INFORMATION: Begin

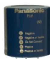
ECE-P2HP561HA Panasonic Electronic Components CAP ALUM 560UF 20% 500V SNAP
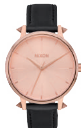
Rose / Artifact a108 - 3147 130€
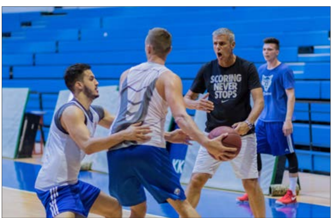
رحيل سابا وقدم سوبوتيتش يبقى حتى اللحظة في إطار حديث المكاتب

والسلوبه الدفاعي المحكم. وفي حال تمّ الاستغناء عن خدمات سابا، فإنّ الاسم الأقرب المتوقع أن يترأس الجهاز الفني للمنتخب الأول هو مدرب نادي الرياضي بيروت السابق اليوناني .المونتينيغري سلوبودان سوبوتيتش المعروف بـ«بيكسي»، ويعتبر سوبوتيتش من أهم المدربين في الوقت الحالي في بلدان منطقة حوض المتوسط، نتيجة الخبرة الكبيرة التي يمتلكها. وكان سوبوتيتش قد درب نادي الرياضي بيروت بين عامي 2012 و2016 وحقق معه عدداً من البطولات المحلية الآسيوية، كما كان له الفضل بزرع بذرة اللعب المنظم المعروف بـ«كرة السلة الأوروبية» في لبنان، وهي كرة السلة الحديثة التي تعتمد على الخطط والتكتيك العالي. وياعتراف عدد كبير من خبراء كرة السلة المحليين، فإن إنجازات الرياضي خلال الموسم الماضي وفوزه في بطولة آسيا هو نتاج لما زرعه المدرب اليوناني في نادي المنارة، دون الانقاص من الجهد الكبير للمدرب أحمد فزّان. واكتسب «بيكسي» خبرة الطويلة من الملاعب الأوروبية، إذ بدأ مسيرته التدريبية في عام 1994 مع إيراكليس اليوناني، وأشرف على أندية كبيرة في أوروبا مثل باناثيناكوس
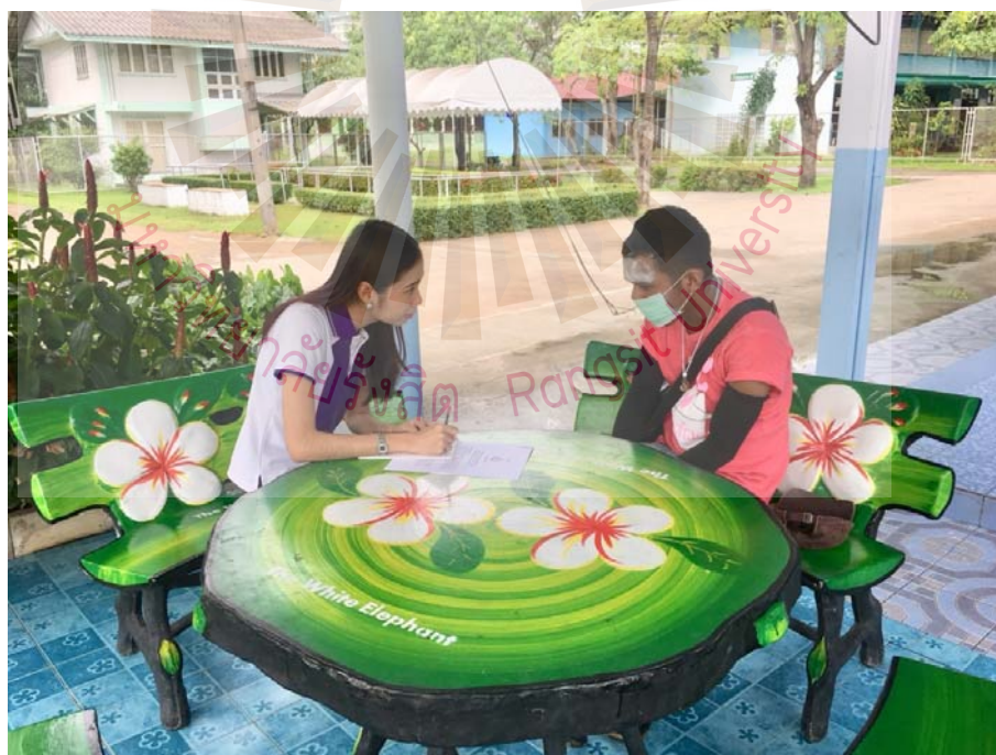
รูปที่ ภาคผนวก ง.4 ภาพขณะสัมภาษณ์ผู้ให้ข้อมูลสำคัญ ที่มา ผู้วิจัย 23 พฤษภาคม 2561
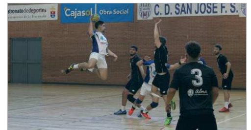
El Balonmano San José mostró su mejor cara en Lebrija.

El Balonmano San José se ha estrenado con victoria ante el Viso y comienza así su nueva andadura para ascender y recuperar la categoría perdida el año pasado, o lo que es lo mismo, volver a Nacional. Este año, con la disolución del Balonmano La Vega, el San José tiene una cartera de jugadores más amplia, por lo que podría decirse que existen los
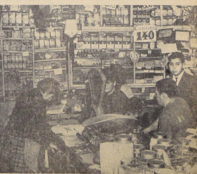
Este almacén que hoy vende el Rinsu a E° 0,88 y el aceite a E° 2,08, cambiará sus letreros en la próxima semana por cifras menores, que asombrarán a las dueñas de casa. La razón es que su dueño se unió a la Campaña de Precios Bajos que auspicia el Consejo Nacional contra la Inflación. "Si salimos adelante, el beneficio será para todos", expresó el comerciante.

En la población "J. M. Caro", está funcionando un Consultorio Externo Nocturno, que inicia sus actividades, a las 18 horas, y las finaliza, a las 8 horas del día siguiente.
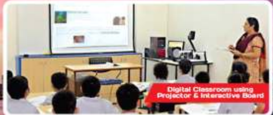
Digital Classroom using Projector & Interactive Board

Vile Parle : B5-6, Kamdar Shopping Center, Backside Basement, Opp. Rly. Station, Vile Parle (E), Mumbai: 400057.
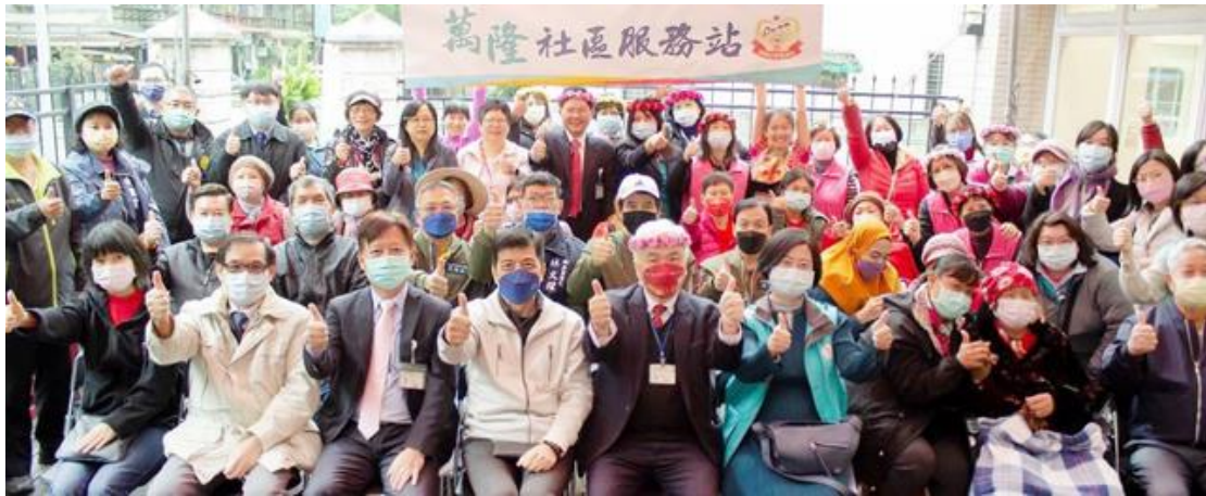
圖)，表示將延續石頭湯精神照護長者】
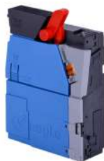
Validador de Monedas NRI v² Eagle BACTA
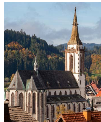
NEUSTADT Münster St. Jakobus

Samstag 18:30 Eucharistiefeier im Wechsel mit Sonntag 10:30 Eucharistiefeier
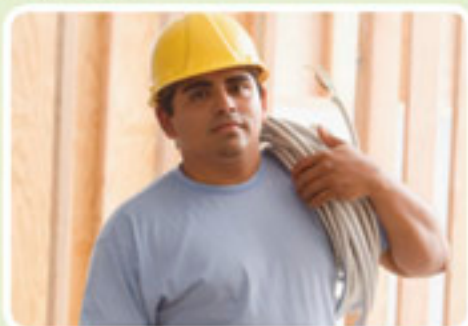
Une entreprise de BTP - plus de 200 salariés Emplois concernés : coffreurs-bancheurs et ferrailleurs.
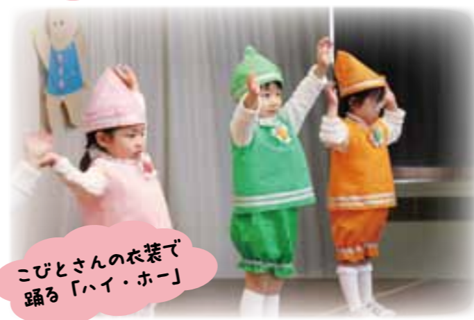
こびとさんの衣装で 踊る「ハイ・ホー」
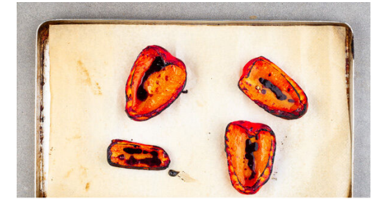
3. Paprika grillen

Die vegane Steaks trocken tupfen, mit Salz und Pfeffer würzen und in der Pfanne mit 1EL Pflanzenöl bei starker Hitze auf jeder Seite 2-3Min. braten, abhängig davon, ob sie medium oder eher durchgebraten sein sollen. Aus der Pfanne nehmen und bis zum Servieren auf einem Teller abgedeckt ruhen lassen.
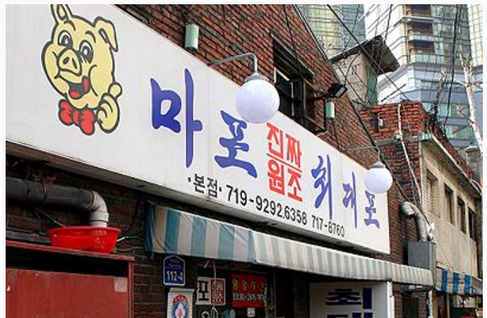
노포(老鋪, 옛날가게) 인기
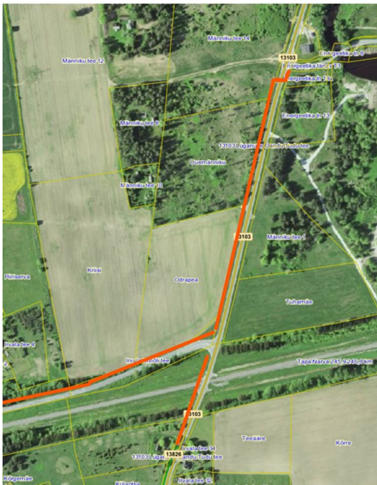
Lisa 1: Transpordiameti ettepanek JJT trassi ja teeületuse võimaliku asukoha osas

Käesolevad nõuded on projekti lahutamatu osa, mis kehtivad 2 aastat allkirjastamise kuupäevast.
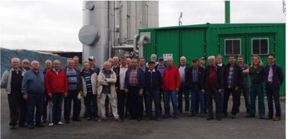
Wir wollten informiert sein über neue Energiegewinnung: Biogasanlage der infra
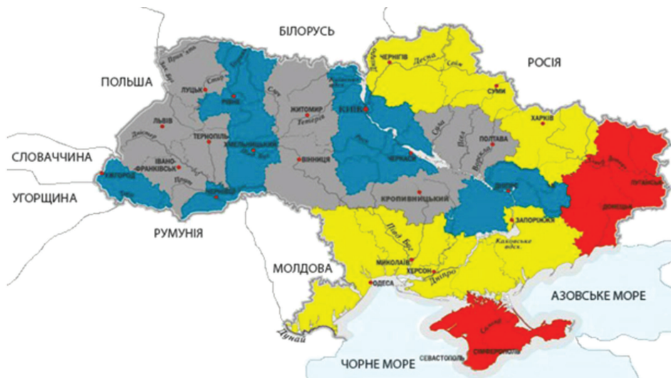
Рисунок 1. Уровни террористических угроз в Украине [4, с.414]

Исходя из вышеизложенного, можно отметить, что в Украине есть проблема угроз терроризма, первопричины которой следует искать в политической, экономической, социальной сферах.
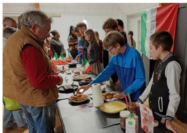
Les dix jeunes ont vendu des gâteaux sucrés et salés.

Départ prévu le 5 juillet. L'aventure sera à suivre sur les réseaux sociaux de l'AJEV confie Julie, l'animatrice.
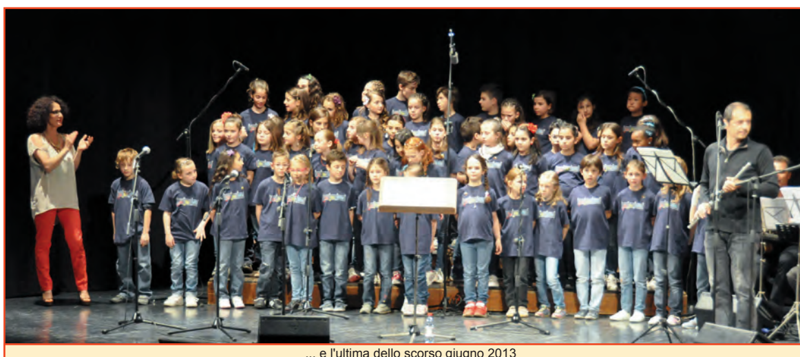
... e l'ultima dello scorso giugno 2013
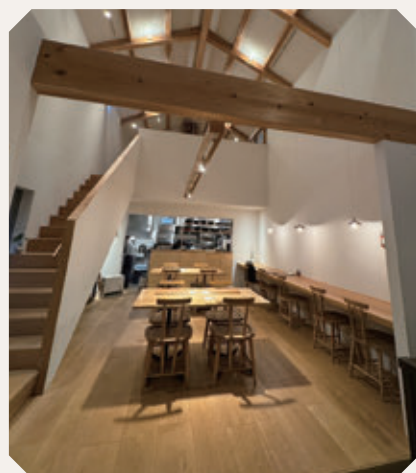
吹き抜けが気持ちの良い店内

店内は木の温もりを感じさせ、吹き抜けの2階席も備え、落ち着いた雰囲気です。客席とキッチンが隣接しており、店主が調理する様子を間近で見られるのも魅力の一つです。
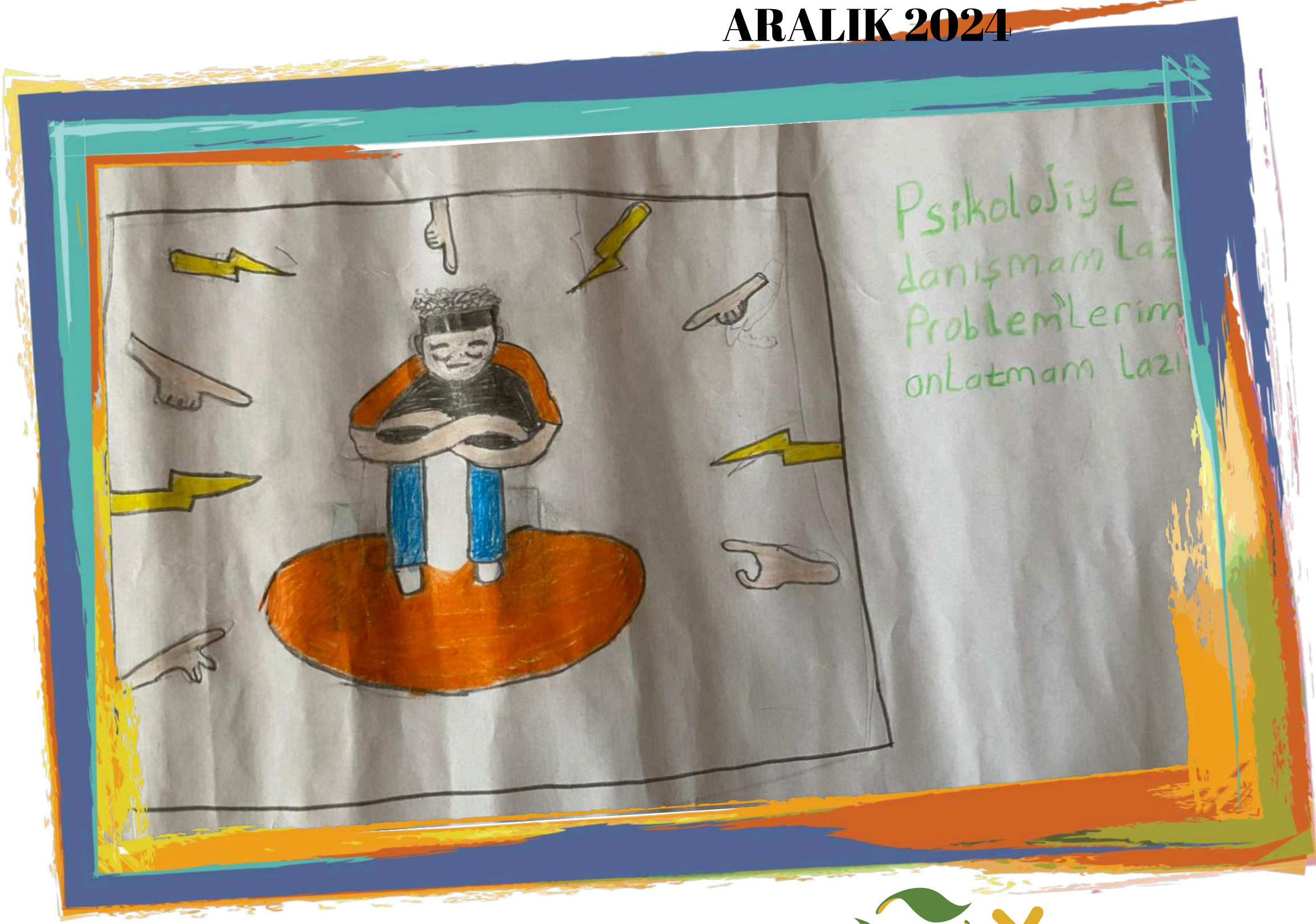
"AKRAN ZORBALIĞI" YAĞMUR TAŞDEMİR 5 / C
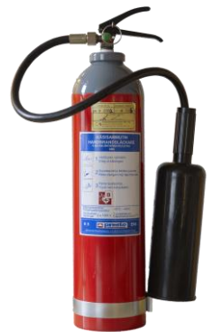
Kuva 5: Hiilidioksidisammutin

Hiilidioksidin sammutusvaikutus perustuu sekä tukahduttamiseen että jäähdyttämiseen. Hiilidioksidisammutin sopii huonosti käytettäväksi ulkoilmassa. Hiilidioksidisammuttimella on turvallista sammuttaa jännitteisiäkin kohteita ja siksi se sopii hyvin mm. atk-, tele- ja sähkötiloihin.
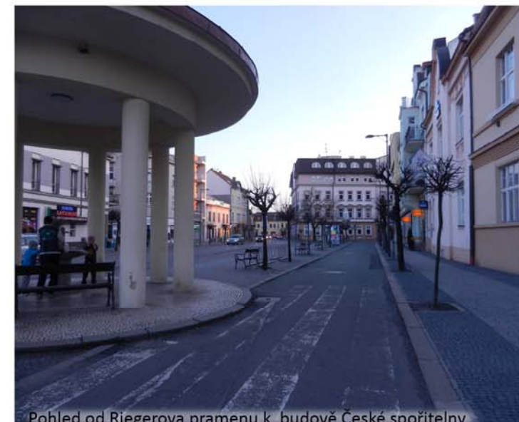
Pohled od Riegerova pramenu k budově České spořitelny
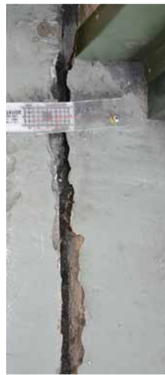
En av de större sprickorna i golv, cirka två centimeter bred.
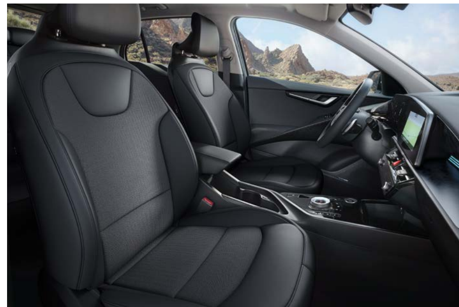
Sitzbezüge in Stoff-Leder-Kombination (mit hochwertiger Ledernachbildung), Charcoal-Grau (DFS) (optional für Vision).
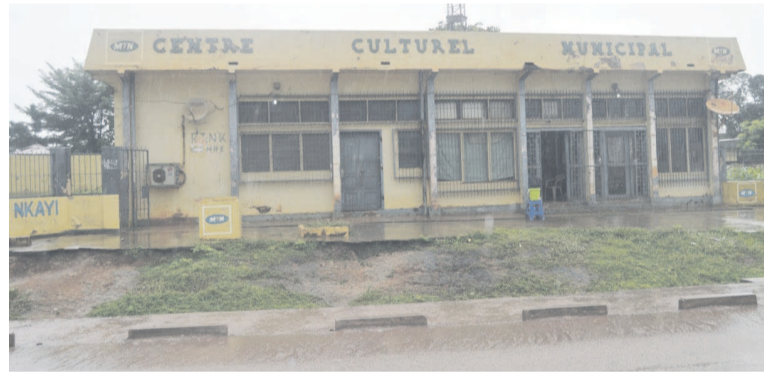
La façade principale du Centre culturel municipal de Nkayi

Le bâtiment abritant le Centre culturel de Nkayi, communauté urbaine du département de la Bouenza, se délabre. Les livres au programme manquent à la bibliothèque, les appels adressés aux partenaires pour redorer le blason de la structure ne se font pas entendre.
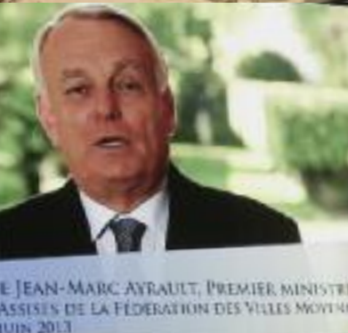
JEAN-MARC AYRAULT, PREMIER MINISTRE ASSISES DE LA FÉDÉRATION DES VILLES MOYENNES JUIN 2013
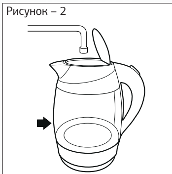
Рисунок – 2

— Наполните чайник холодной водой, следите за метками.
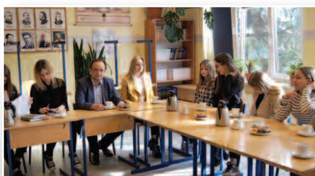
Robocze spotkanie Rady Młodzieży – str. 10
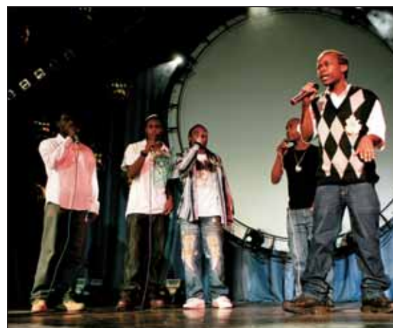
1 место в номинации «Вокал». Группа «Акапелла»

Вот и закончился наш фестиваль. На сцену поднялись все участники гала-концерта и замерли в ожидании оглашения решения жюри.
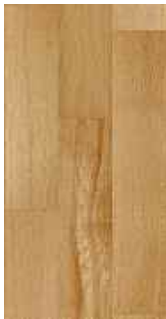
Haya vaporizada 3 Lamas Ref. 024.011.20
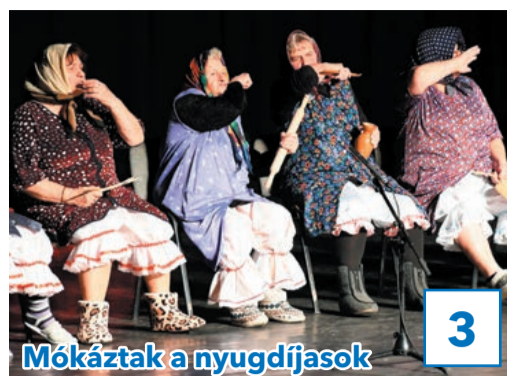
Mókáztak a nyugdíjasok
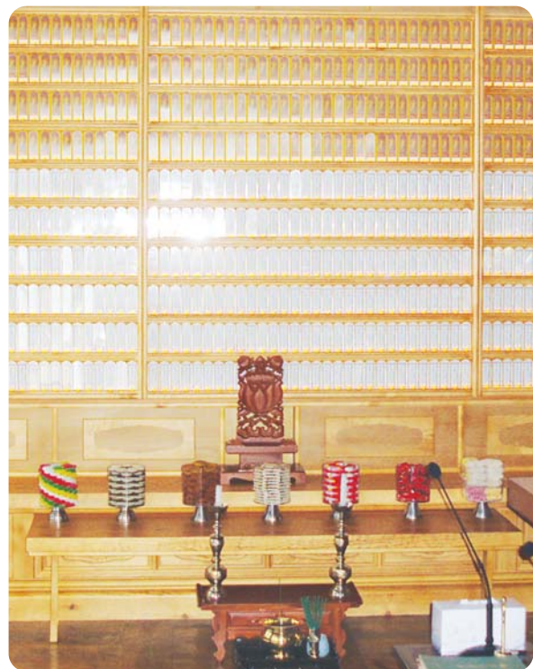
용학사 극락전 영구위패

찬덕불교에서는 KS케이블 을 사용하여 가장 안전하게 전문 기술인에 의해 직접 감독 시공합니다.

INFORMATION: End

(THE TASK): Reproduce the entries above word for word. Pictures stay out.

(TASK RESPONSE):
ECE-P2HP561HA Panasonic Electronic Components CAP ALUM 560UF 20% 500V SNAP
Rose / Artifact a108 - 3147 130€
رحيل سابا وقدم سوبوتيتش يبقى حتى اللحظة في إطار حديث المكاتب

والسلوبه الدفاعي المحكم. وفي حال تمّ الاستغناء عن خدمات سابا، فإنّ الاسم الأقرب المتوقع أن يترأس الجهاز الفني للمنتخب الأول هو مدرب نادي الرياضي بيروت السابق اليوناني .المونتينيغري سلوبودان سوبوتيتش المعروف بـ«بيكسي»، ويعتبر سوبوتيتش من أهم المدربين في الوقت الحالي في بلدان منطقة حوض المتوسط، نتيجة الخبرة الكبيرة التي يمتلكها. وكان سوبوتيتش قد درب نادي الرياضي بيروت بين عامي 2012 و2016 وحقق معه عدداً من البطولات المحلية الآسيوية، كما كان له الفضل بزرع بذرة اللعب المنظم المعروف بـ«كرة السلة الأوروبية» في لبنان، وهي كرة السلة الحديثة التي تعتمد على الخطط والتكتيك العالي. وياعتراف عدد كبير من خبراء كرة السلة المحليين، فإن إنجازات الرياضي خلال الموسم الماضي وفوزه في بطولة آسيا هو نتاج لما زرعه المدرب اليوناني في نادي المنارة، دون الانقاص من الجهد الكبير للمدرب أحمد فزّان. واكتسب «بيكسي» خبرة الطويلة من الملاعب الأوروبية، إذ بدأ مسيرته التدريبية في عام 1994 مع إيراكليس اليوناني، وأشرف على أندية كبيرة في أوروبا مثل باناثيناكوس
รูปที่ ภาคผนวก ง.4 ภาพขณะสัมภาษณ์ผู้ให้ข้อมูลสำคัญ ที่มา ผู้วิจัย 23 พฤษภาคม 2561
El Balonmano San José mostró su mejor cara en Lebrija.

El Balonmano San José se ha estrenado con victoria ante el Viso y comienza así su nueva andadura para ascender y recuperar la categoría perdida el año pasado, o lo que es lo mismo, volver a Nacional. Este año, con la disolución del Balonmano La Vega, el San José tiene una cartera de jugadores más amplia, por lo que podría decirse que existen los
Este almacén que hoy vende el Rinsu a E° 0,88 y el aceite a E° 2,08, cambiará sus letreros en la próxima semana por cifras menores, que asombrarán a las dueñas de casa. La razón es que su dueño se unió a la Campaña de Precios Bajos que auspicia el Consejo Nacional contra la Inflación. "Si salimos adelante, el beneficio será para todos", expresó el comerciante.

En la población "J. M. Caro", está funcionando un Consultorio Externo Nocturno, que inicia sus actividades, a las 18 horas, y las finaliza, a las 8 horas del día siguiente.
Digital Classroom using Projector & Interactive Board

Vile Parle : B5-6, Kamdar Shopping Center, Backside Basement, Opp. Rly. Station, Vile Parle (E), Mumbai: 400057.
圖)，表示將延續石頭湯精神照護長者】
Validador de Monedas NRI v² Eagle BACTA
NEUSTADT Münster St. Jakobus

Samstag 18:30 Eucharistiefeier im Wechsel mit Sonntag 10:30 Eucharistiefeier
Une entreprise de BTP - plus de 200 salariés Emplois concernés : coffreurs-bancheurs et ferrailleurs.
こびとさんの衣装で 踊る「ハイ・ホー」
3. Paprika grillen

Die vegane Steaks trocken tupfen, mit Salz und Pfeffer würzen und in der Pfanne mit 1EL Pflanzenöl bei starker Hitze auf jeder Seite 2-3Min. braten, abhängig davon, ob sie medium oder eher durchgebraten sein sollen. Aus der Pfanne nehmen und bis zum Servieren auf einem Teller abgedeckt ruhen lassen.
노포(老鋪, 옛날가게) 인기
Lisa 1: Transpordiameti ettepanek JJT trassi ja teeületuse võimaliku asukoha osas

Käesolevad nõuded on projekti lahutamatu osa, mis kehtivad 2 aastat allkirjastamise kuupäevast.
Wir wollten informiert sein über neue Energiegewinnung: Biogasanlage der infra
Рисунок 1. Уровни террористических угроз в Украине [4, с.414]

Исходя из вышеизложенного, можно отметить, что в Украине есть проблема угроз терроризма, первопричины которой следует искать в политической, экономической, социальной сферах.
Les dix jeunes ont vendu des gâteaux sucrés et salés.

Départ prévu le 5 juillet. L'aventure sera à suivre sur les réseaux sociaux de l'AJEV confie Julie, l'animatrice.
... e l'ultima dello scorso giugno 2013
吹き抜けが気持ちの良い店内

店内は木の温もりを感じさせ、吹き抜けの2階席も備え、落ち着いた雰囲気です。客席とキッチンが隣接しており、店主が調理する様子を間近で見られるのも魅力の一つです。
"AKRAN ZORBALIĞI" YAĞMUR TAŞDEMİR 5 / C
Kuva 5: Hiilidioksidisammutin

Hiilidioksidin sammutusvaikutus perustuu sekä tukahduttamiseen että jäähdyttämiseen. Hiilidioksidisammutin sopii huonosti käytettäväksi ulkoilmassa. Hiilidioksidisammuttimella on turvallista sammuttaa jännitteisiäkin kohteita ja siksi se sopii hyvin mm. atk-, tele- ja sähkötiloihin.
Pohled od Riegerova pramenu k budově České spořitelny
En av de större sprickorna i golv, cirka två centimeter bred.
Sitzbezüge in Stoff-Leder-Kombination (mit hochwertiger Ledernachbildung), Charcoal-Grau (DFS) (optional für Vision).
La façade principale du Centre culturel municipal de Nkayi

Le bâtiment abritant le Centre culturel de Nkayi, communauté urbaine du département de la Bouenza, se délabre. Les livres au programme manquent à la bibliothèque, les appels adressés aux partenaires pour redorer le blason de la structure ne se font pas entendre.
JEAN-MARC AYRAULT, PREMIER MINISTRE ASSISES DE LA FÉDÉRATION DES VILLES MOYENNES JUIN 2013
Рисунок – 2

— Наполните чайник холодной водой, следите за метками.
Robocze spotkanie Rady Młodzieży – str. 10
1 место в номинации «Вокал». Группа «Акапелла»

Вот и закончился наш фестиваль. На сцену поднялись все участники гала-концерта и замерли в ожидании оглашения решения жюри.
Haya vaporizada 3 Lamas Ref. 024.011.20
Mókáztak a nyugdíjasok
용학사 극락전 영구위패

찬덕불교에서는 KS케이블 을 사용하여 가장 안전하게 전문 기술인에 의해 직접 감독 시공합니다.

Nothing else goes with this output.